WHAT NEEDS TO BE DONE:
Return the data word for word. Pictures are to be omitted.
*-*-*
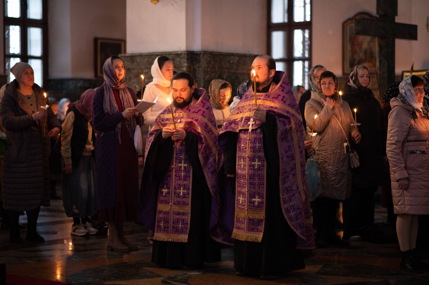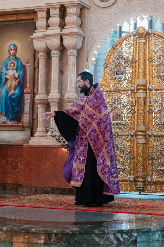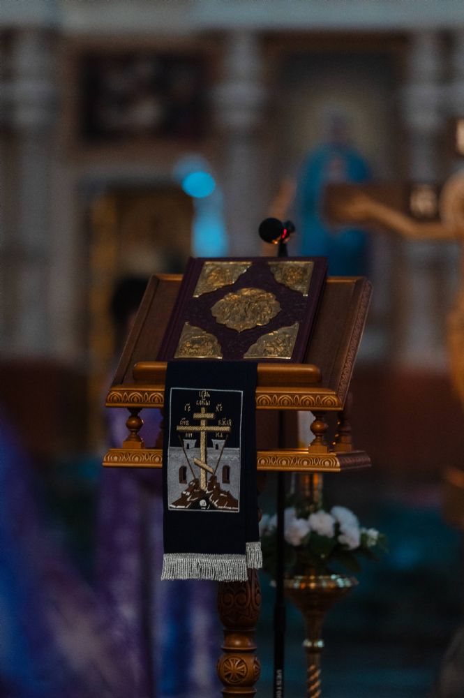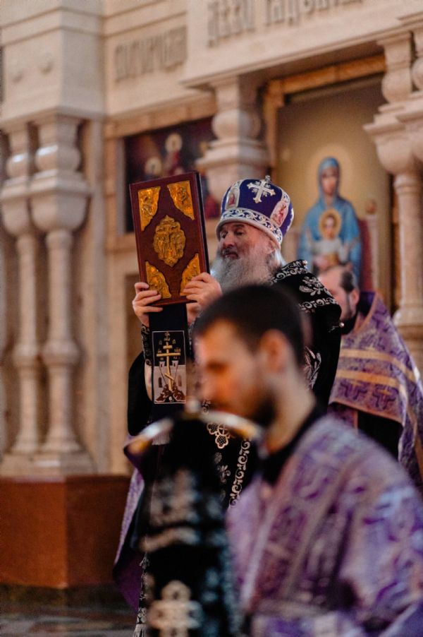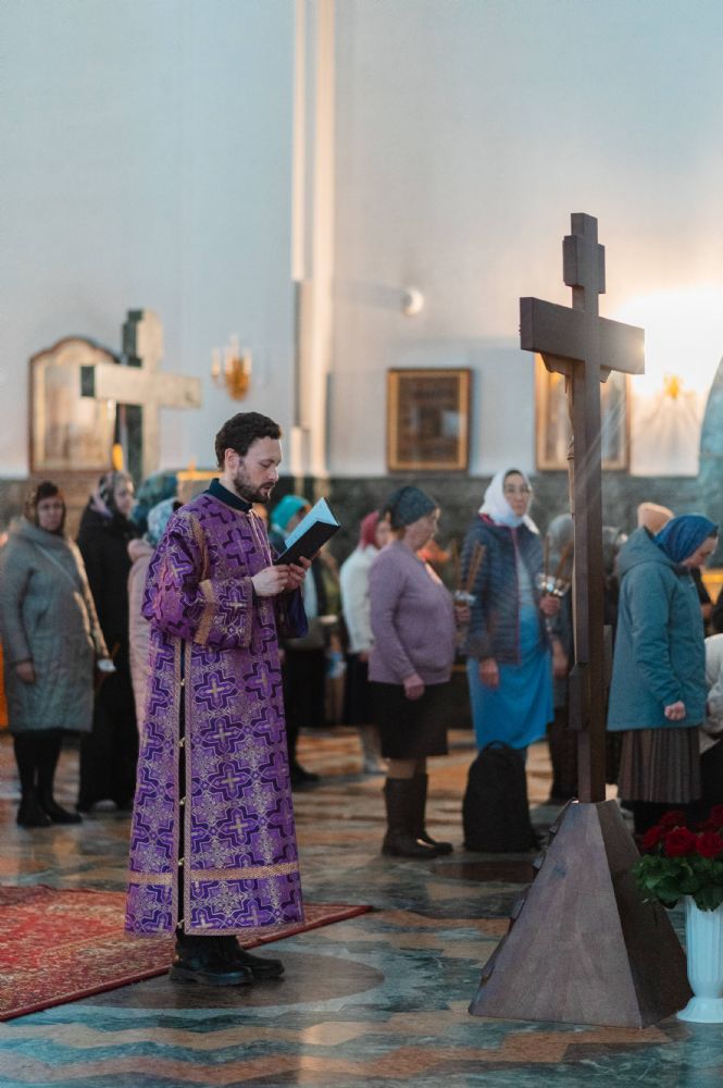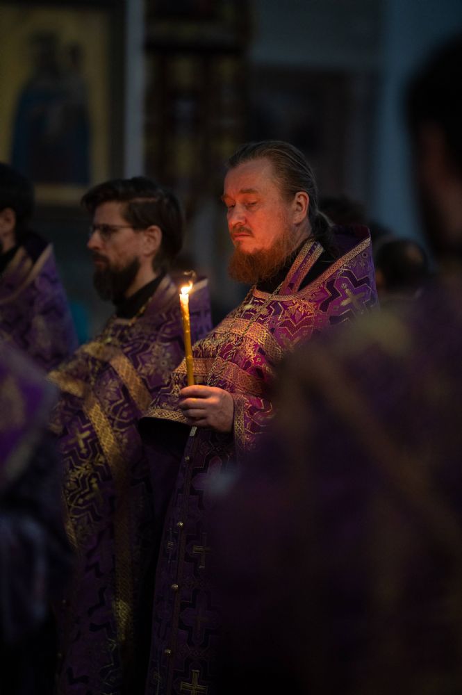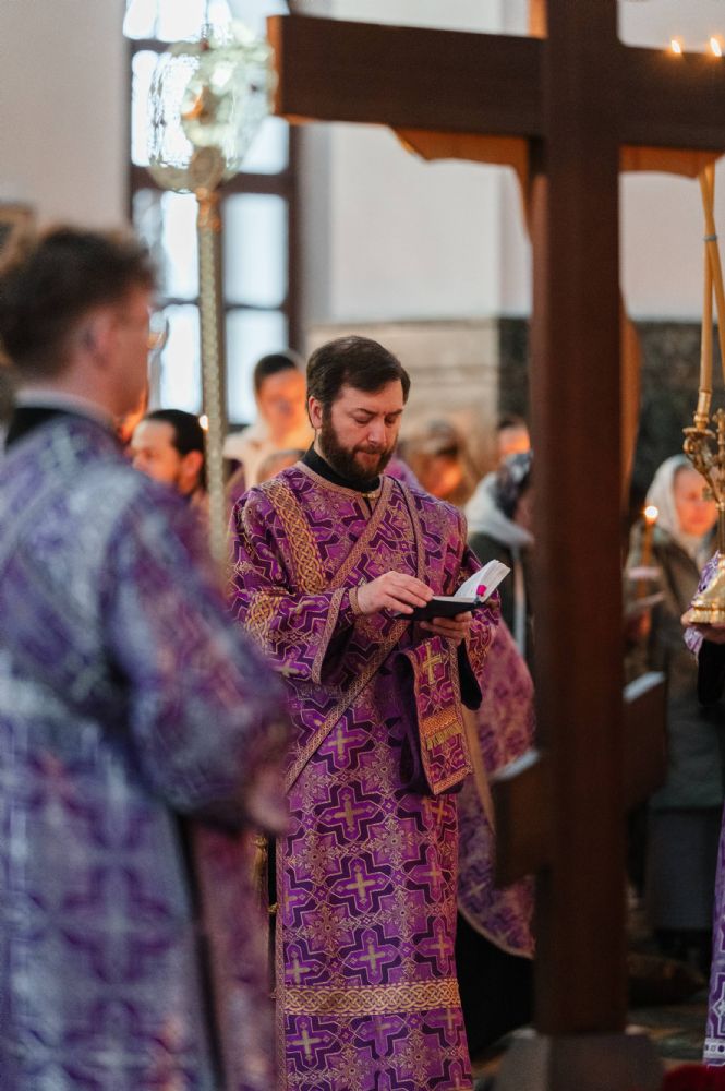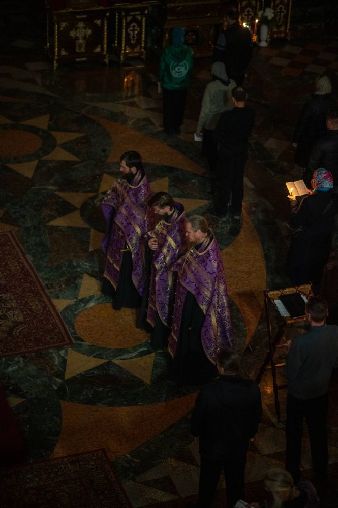 Все богослужение посвящено воспоминанию спасительных страданий и крестной смерти Господа нашего Иисуса Христа. Евангельские отрывки вместе с владыкой в центре храма поочередно читали сослужившие ему священники – ключарь собора протоиерей Сергий Поглазов, клирики собора Никифор Захаров, Евгений Самойлов, Александр Староверов и Иоанн Милютин.
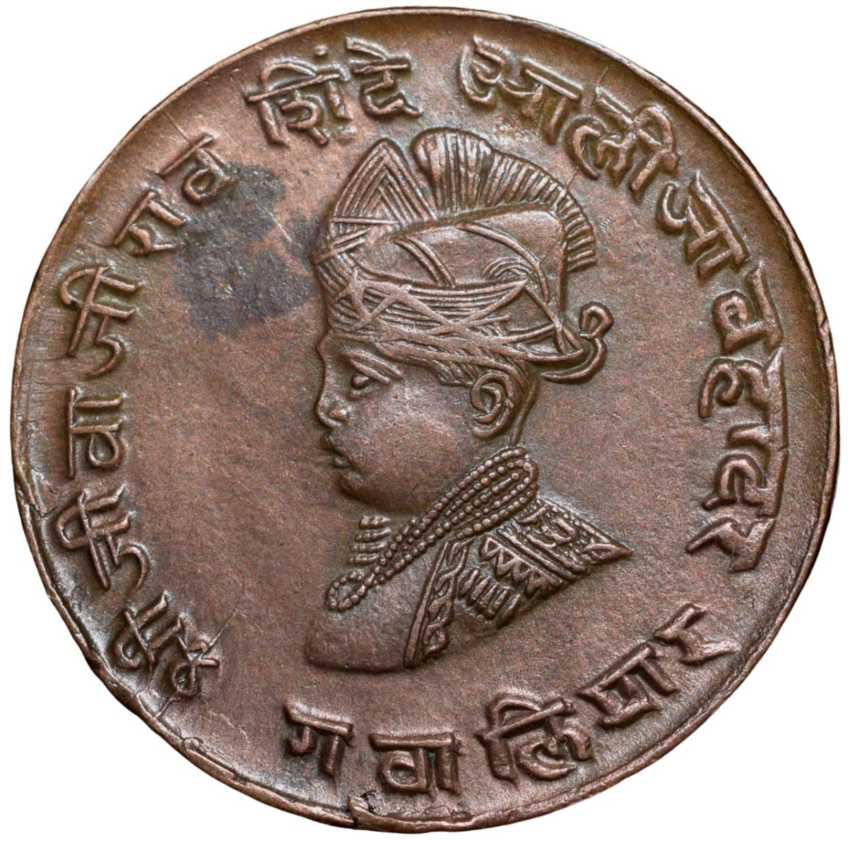 Copper Coin of Jivaji Rao Sindhia(AD 1925-48) of Gwalior State KM176 Die-Crack Error
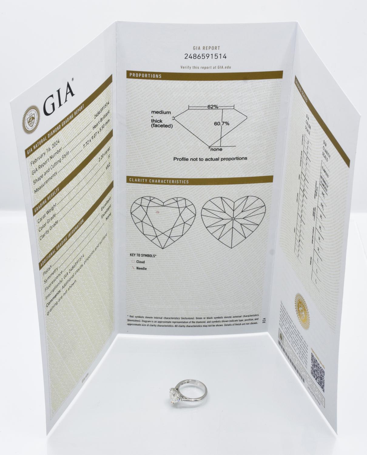 18K white gold ring featuring a natural heart-shaped brilliant-cut diamond. Weight: 2.2 ct. Color: F. Clarity: VS2. Fluorescence: none. GIA certificate issued in the U.S. on 02/16/2024: 2486591514. Size: 9 (resizing available). Weight: 4.1 g.
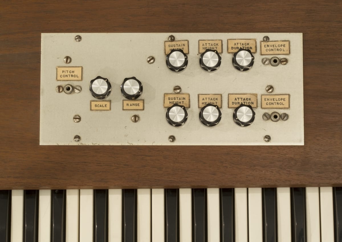 This prototype synthesizer--a collaboration between engineer Robert Moog and composer Herbert Deutsch--is a musical icon. Synthesizers create unique electronically produced sounds. Moog's solid-state synthesizer was musically superior and much more portable than earlier vacuum-tube-based systems. In 1968, the album Switched-On Bach introduced the Moog synthesizer to a wider audience. Synthesizers quickly became a mainstay of popular music.
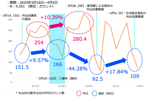 また、三連休の次の週末は、東京都による外出の自粛要請があり、それに呼応して、三連休よりも44.28%の減少となっていました。しかしながら、その次の週末では、外出の自粛要請が引き続きなされたにもかかわらず、前週対比で17.84%の大幅な増加となっていました。つまり、いわゆる”気の緩み”は三連休だけではなく、4月4日, 5日の週末にも現れていました。
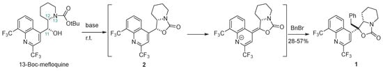 Carbamate-protected mefloquine [] was applied in the etherification reaction with benzyl bromide. The reaction was inefficient without a base, even at elevated temperatures. Conducting a similar reaction at room temperature but in the presence of KOH as a base resulted in an unexpected C-benzylated product 1 in a low yield (28%). Upon changing the base to sodium hydride, the same product 1 was obtained in moderate yield (57%, Figure 1, Table 1). The reaction with methyl iodide instead of benzyl bromide did not progress to incorporate a methyl group and instead delivered the known oxazolidinone 2 []. Oxazolidinone 2 was also formed in attempted Mitsunobu reactions of Boc-mefloquine.
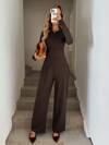 Easowa 2件套女士修身长袖T恤和阔腿裤休闲运动家居服套装,咖啡棕色棕色两件套女士阔腿裤套装长袖两件套棕色阔腿裤套装女士女士棕色裤装
*-*-*
RESULT:
 Все богослужение посвящено воспоминанию спасительных страданий и крестной смерти Господа нашего Иисуса Христа. Евангельские отрывки вместе с владыкой в центре храма поочередно читали сослужившие ему священники – ключарь собора протоиерей Сергий Поглазов, клирики собора Никифор Захаров, Евгений Самойлов, Александр Староверов и Иоанн Милютин.
 Copper Coin of Jivaji Rao Sindhia(AD 1925-48) of Gwalior State KM176 Die-Crack Error
 18K white gold ring featuring a natural heart-shaped brilliant-cut diamond. Weight: 2.2 ct. Color: F. Clarity: VS2. Fluorescence: none. GIA certificate issued in the U.S. on 02/16/2024: 2486591514. Size: 9 (resizing available). Weight: 4.1 g.
 This prototype synthesizer--a collaboration between engineer Robert Moog and composer Herbert Deutsch--is a musical icon. Synthesizers create unique electronically produced sounds. Moog's solid-state synthesizer was musically superior and much more portable than earlier vacuum-tube-based systems. In 1968, the album Switched-On Bach introduced the Moog synthesizer to a wider audience. Synthesizers quickly became a mainstay of popular music.
 また、三連休の次の週末は、東京都による外出の自粛要請があり、それに呼応して、三連休よりも44.28%の減少となっていました。しかしながら、その次の週末では、外出の自粛要請が引き続きなされたにもかかわらず、前週対比で17.84%の大幅な増加となっていました。つまり、いわゆる”気の緩み”は三連休だけではなく、4月4日, 5日の週末にも現れていました。
 Carbamate-protected mefloquine [] was applied in the etherification reaction with benzyl bromide. The reaction was inefficient without a base, even at elevated temperatures. Conducting a similar reaction at room temperature but in the presence of KOH as a base resulted in an unexpected C-benzylated product 1 in a low yield (28%). Upon changing the base to sodium hydride, the same product 1 was obtained in moderate yield (57%, Figure 1, Table 1). The reaction with methyl iodide instead of benzyl bromide did not progress to incorporate a methyl group and instead delivered the known oxazolidinone 2 []. Oxazolidinone 2 was also formed in attempted Mitsunobu reactions of Boc-mefloquine.
 Easowa 2件套女士修身长袖T恤和阔腿裤休闲运动家居服套装,咖啡棕色棕色两件套女士阔腿裤套装长袖两件套棕色阔腿裤套装女士女士棕色裤装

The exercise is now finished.